Presented By
O’Reilly + Cloudera
Make Data Work
March 25-28, 2019
San Francisco, CA

Reducing stream processing complexity using Apache Pulsar Functions

Jowanza Joseph (Pluralsight), Karthik Ramasamy (Streamlio)
4:20pm5:00pm Wednesday, March 27, 2019
Secondary topics:  AI and Data technologies in the cloud, Data Integration and Data Pipelines, Retail and e-commerce
Average rating: ****.
(4.00, 1 rating)

Who is this presentation for?

  • Data engineers, data architects, software engineers, and software architects

Level

Intermediate

Prerequisite knowledge

  • Familiarity with Apache Pulsar, Apache Kafka, or AWS Kinesis (useful but not required)

What you'll learn

  • Understand the advantages of using Apache Pulsar for streaming workloads, tips and tricks with using Pulsar Functions, and future development plans for Pulsar and Pulsar Functions

Description

Building a scalable cloud native stream processing system often requires taking on two systems: a complex distributed log system like Apache Kafka, AWS Kinesis, or Apache Pulsar and a complex event processing system like Apache Spark or Apache Flink. For small teams hoping to quickly build and operate a streaming pipeline, these systems may be too expensive and complicated to successfully deploy and maintain.

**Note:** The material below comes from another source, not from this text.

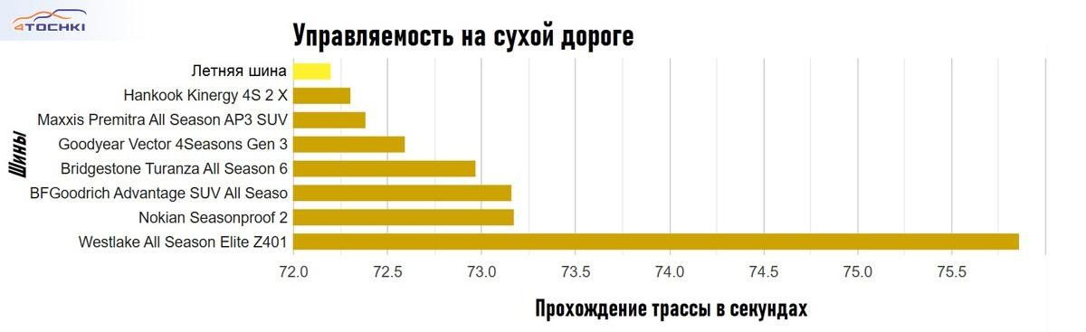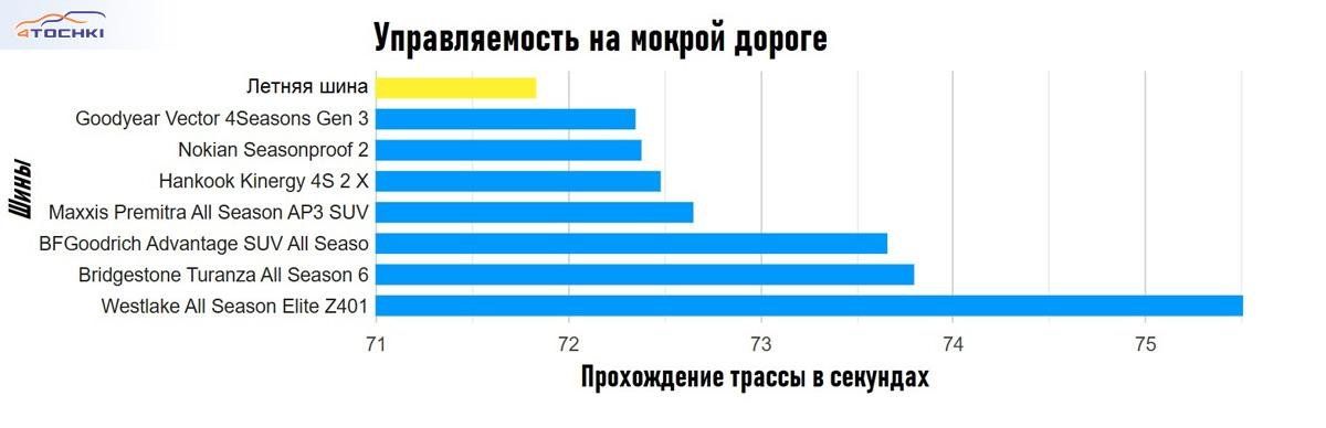 Шесть шин показали результаты в пределах 1 процента друг от друга на 75-секундном круге с 13 поворотами. Если вам нужна всесезонная шина для сухого трек-дня, подойдёт любая модель, кроме бюджетной.

After two years of running streaming pipelines through Kinesis and Spark at One Click Retail, Jowanza Joseph and Karthik Ramasamy decided to explore a new platform that would take advantage of Kubernetes and support a simpler data processing DSL. Join in to discover why they chose Apache Pulsar (hint: its native support for Kubernetes and Pulsar Functions—a serverless functions model on top of Pulsar) and learn tips and tricks for using Pulsar Functions.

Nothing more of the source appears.